*TASK REQUIREMENTS*
Using the data below, return word for word every line from the one holding "Looking for a" down to the one holding "Esultanza di Giuseppe". Leave pictures out.

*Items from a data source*

*** Begin section ***

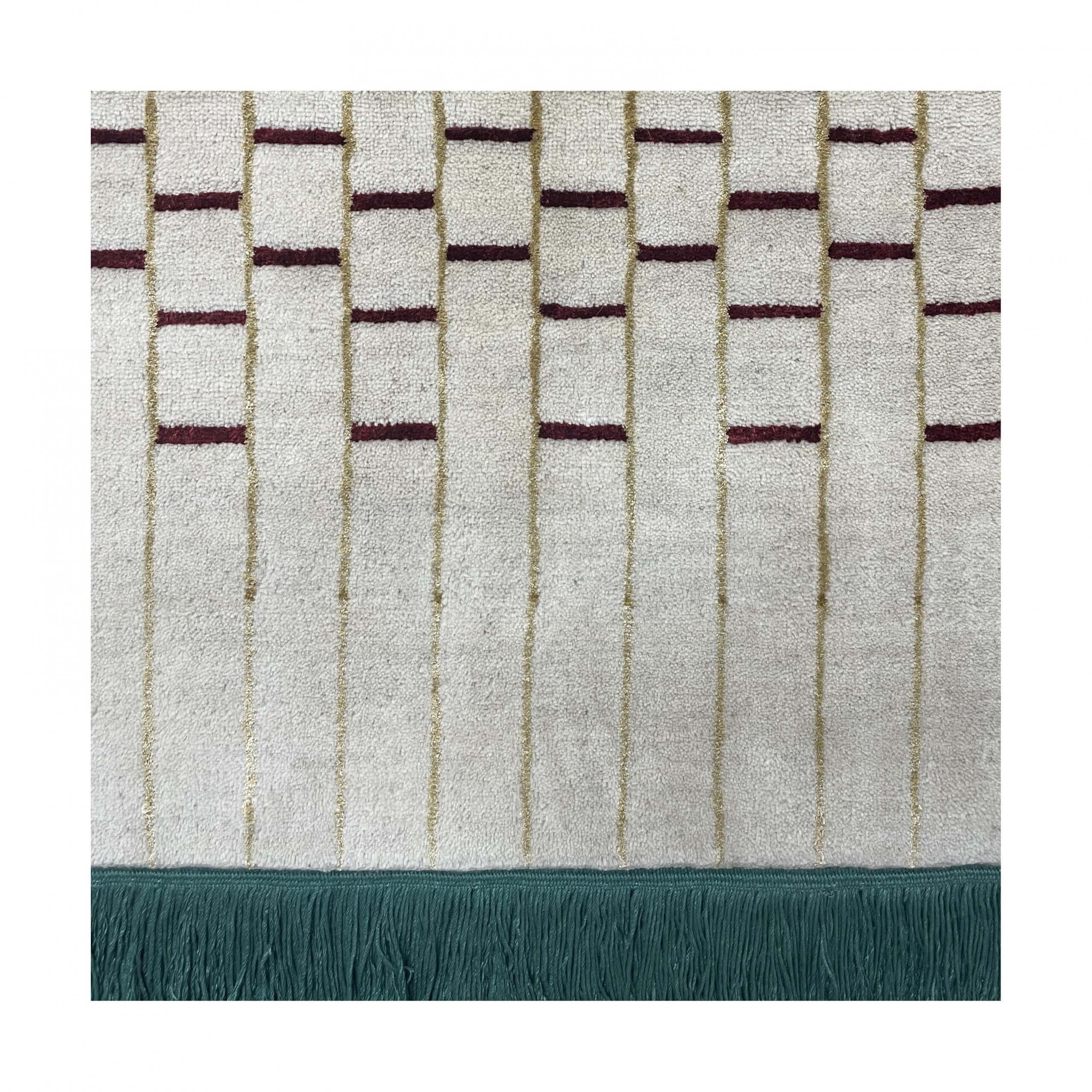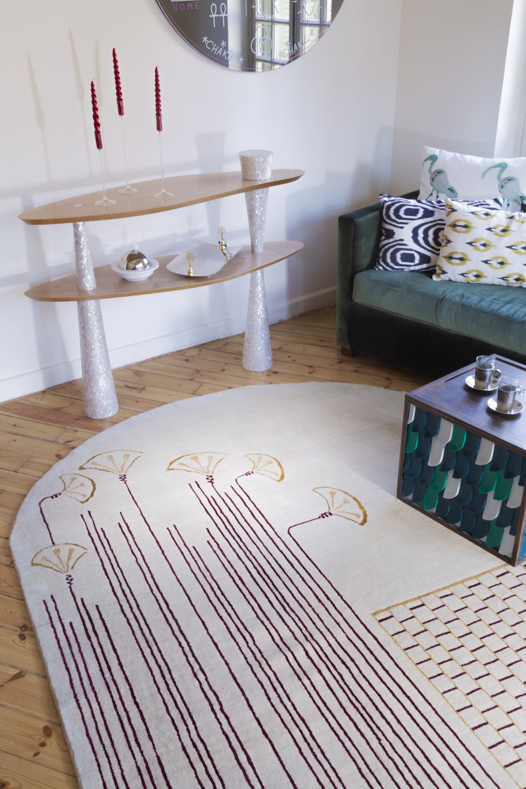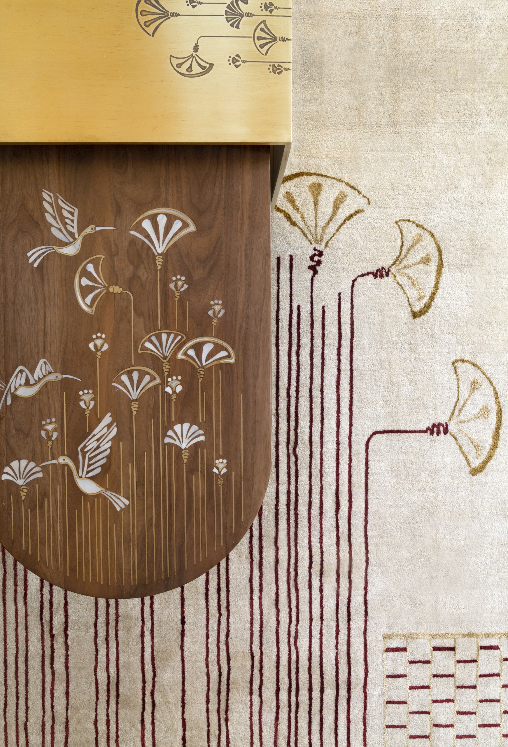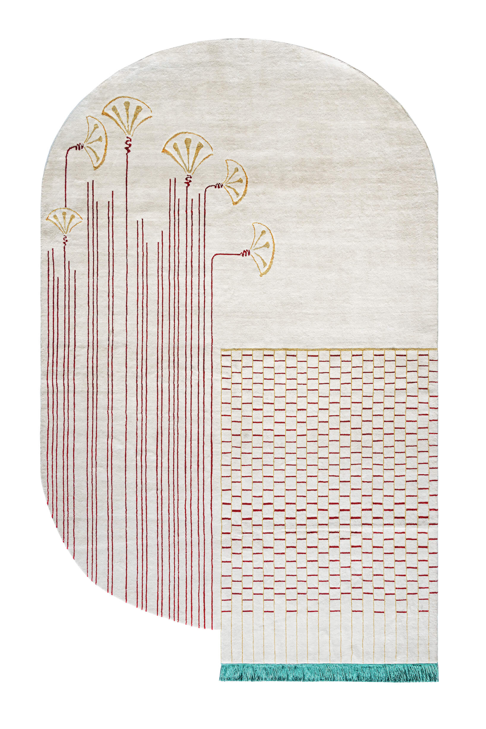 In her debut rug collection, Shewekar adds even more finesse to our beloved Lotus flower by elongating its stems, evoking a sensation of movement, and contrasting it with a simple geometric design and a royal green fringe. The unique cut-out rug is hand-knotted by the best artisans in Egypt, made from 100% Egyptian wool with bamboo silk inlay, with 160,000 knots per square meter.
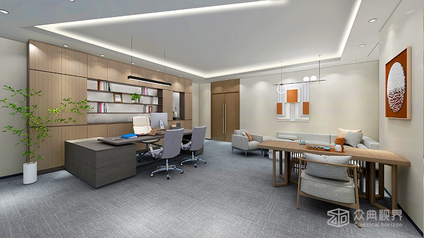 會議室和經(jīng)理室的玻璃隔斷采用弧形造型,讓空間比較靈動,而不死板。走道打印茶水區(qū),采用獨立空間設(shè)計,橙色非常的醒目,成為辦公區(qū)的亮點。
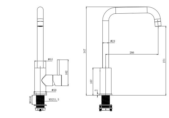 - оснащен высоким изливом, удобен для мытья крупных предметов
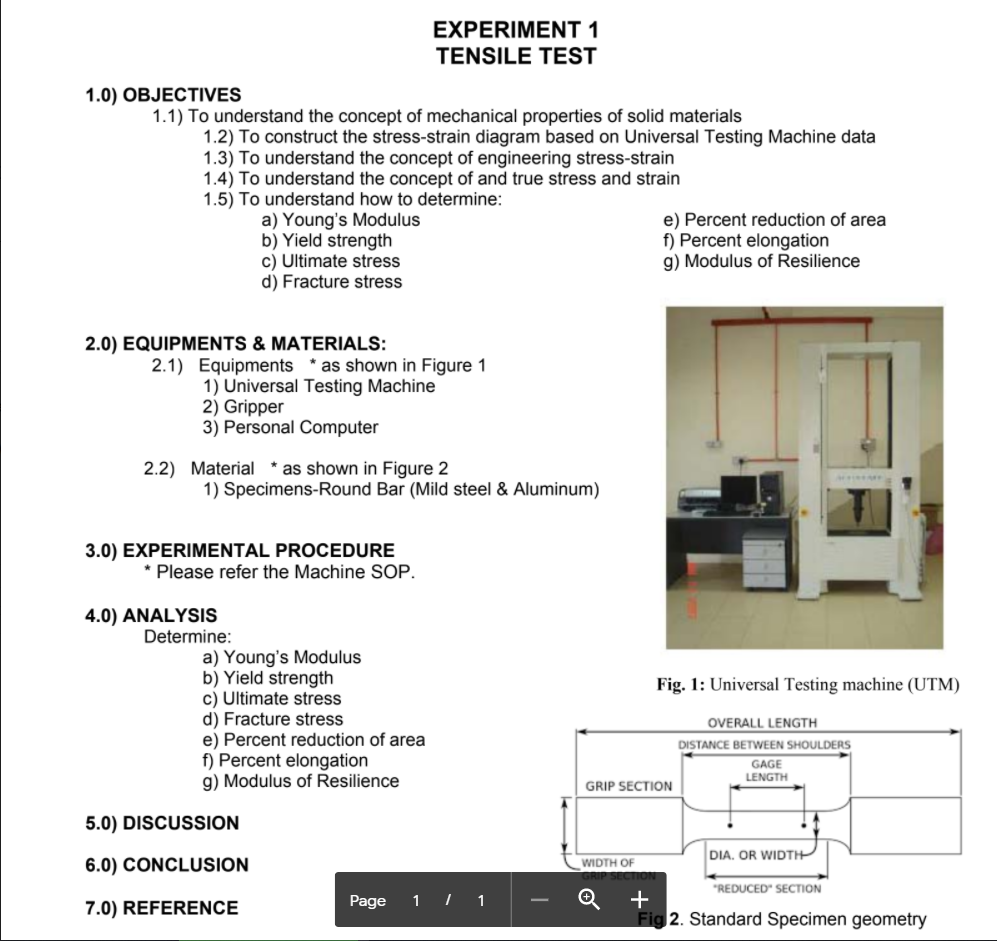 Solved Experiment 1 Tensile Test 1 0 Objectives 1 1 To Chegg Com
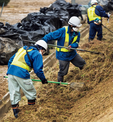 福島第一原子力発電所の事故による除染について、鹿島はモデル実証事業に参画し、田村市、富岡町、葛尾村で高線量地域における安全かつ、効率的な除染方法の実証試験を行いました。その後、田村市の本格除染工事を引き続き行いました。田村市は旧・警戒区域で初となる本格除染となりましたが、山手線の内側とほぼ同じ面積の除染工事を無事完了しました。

*** End section ***
*** Begin section ***

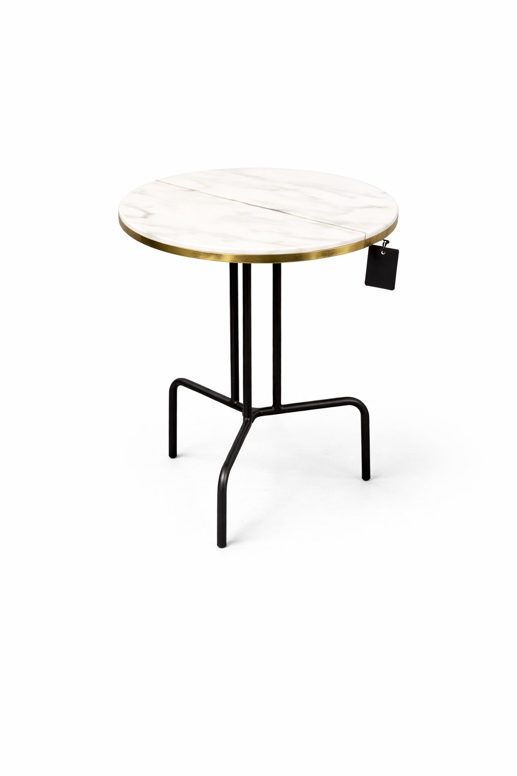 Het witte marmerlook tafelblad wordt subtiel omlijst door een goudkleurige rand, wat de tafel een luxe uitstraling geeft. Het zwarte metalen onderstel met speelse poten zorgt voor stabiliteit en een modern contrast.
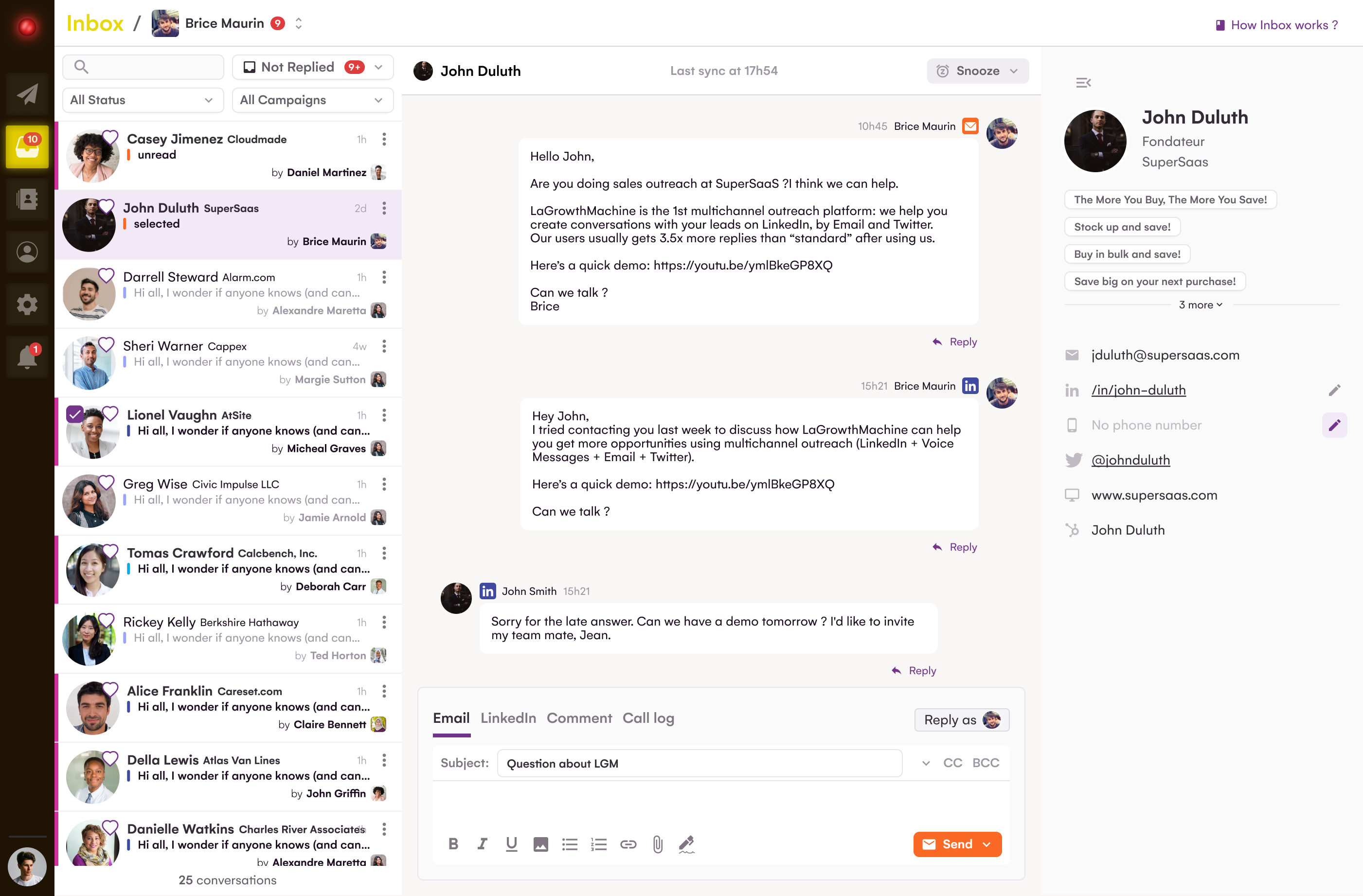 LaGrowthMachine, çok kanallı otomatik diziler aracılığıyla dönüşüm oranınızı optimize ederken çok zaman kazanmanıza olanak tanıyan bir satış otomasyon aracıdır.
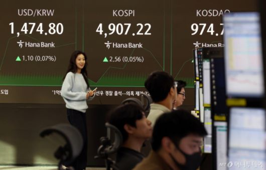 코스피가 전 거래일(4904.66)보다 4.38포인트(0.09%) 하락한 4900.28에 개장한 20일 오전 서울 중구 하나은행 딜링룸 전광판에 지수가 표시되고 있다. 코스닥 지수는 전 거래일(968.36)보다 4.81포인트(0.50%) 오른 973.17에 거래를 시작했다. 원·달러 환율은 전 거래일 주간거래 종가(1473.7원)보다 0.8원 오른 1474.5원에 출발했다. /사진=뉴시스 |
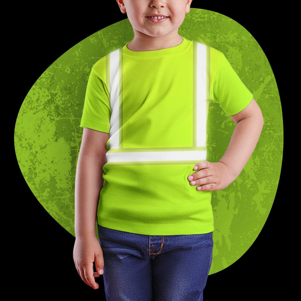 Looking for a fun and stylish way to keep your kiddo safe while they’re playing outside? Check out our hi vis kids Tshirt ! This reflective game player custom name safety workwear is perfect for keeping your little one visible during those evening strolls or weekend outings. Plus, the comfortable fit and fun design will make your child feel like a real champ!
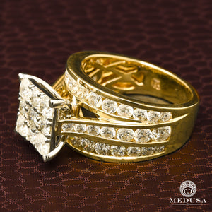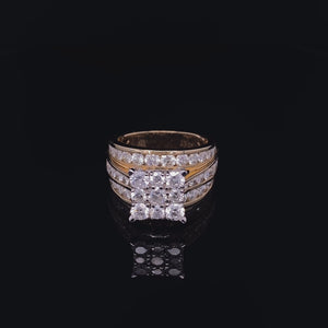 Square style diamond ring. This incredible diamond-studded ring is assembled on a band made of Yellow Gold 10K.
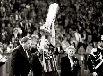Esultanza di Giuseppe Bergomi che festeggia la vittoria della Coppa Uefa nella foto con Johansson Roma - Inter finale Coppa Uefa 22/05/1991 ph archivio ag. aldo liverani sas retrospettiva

*** End section ***

*WRITTEN SOLUTION*
 Looking for a fun and stylish way to keep your kiddo safe while they’re playing outside? Check out our hi vis kids Tshirt ! This reflective game player custom name safety workwear is perfect for keeping your little one visible during those evening strolls or weekend outings. Plus, the comfortable fit and fun design will make your child feel like a real champ!
 Square style diamond ring. This incredible diamond-studded ring is assembled on a band made of Yellow Gold 10K.
Esultanza di Giuseppe Bergomi che festeggia la vittoria della Coppa Uefa nella foto con Johansson Roma - Inter finale Coppa Uefa 22/05/1991 ph archivio ag. aldo liverani sas retrospettiva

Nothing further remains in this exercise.